The risk that's worth it

Ultimately, the bar for a Yes vote may be higher, but the Scots may still be prepared to jump it. As with Ireland in 1920, facing any risk may be better than remaining in the British realm. Boris Johnson as Prime Minister would certainly encourage that. 

David Cameron's lack of sensitivity after the independence referendum fuelled the Scottish National Party surge. But perhaps this time, the new Government will be magnanimous towards Scotland and move to federalism. The Nordic Union offers an example to be explored. Left-wing commentators have called for a progressive alliance to remove the Tories and offer a multi-option referendum on Scotland’s constitution.
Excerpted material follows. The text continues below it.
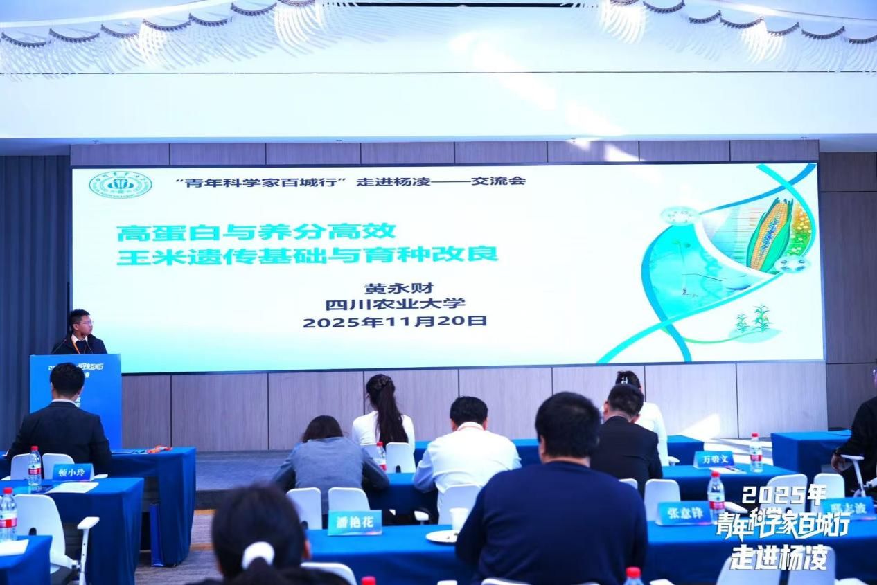 中国工程院院士、西北农林科技大学植物保护学院教授康振生以视频方式致辞。来自各农业领域的优秀青年科技工作者围绕作物育种、食品健康等前沿议题展开主旨报告,结合最新研究进展与实践思考,以“青年说”的形式生动展现了青年科技工作者在推动农业种业创新、促进现代农业高质量发展中的责任担当与创新活力。作为受邀专家,黄永财教授以“高蛋白与养分高效玉米遗传基础与育种改良”为题作学术报告,分享了在该领域的实践探索与思考。

But that is dependent on SNP and Labour being prepared to work together, and win the debate in England and Wales.

So, Indy Ref The Sequel is on the table. It won’t be the same as the first, and it will be more challenging. But, if there is no plausible alternative, Scots may consider it the only option.

Kenny MacAskill served as a Scottish National MSP between 2007 and 2016, and as Cabinet Secretary for Justice between 2007 and 2014.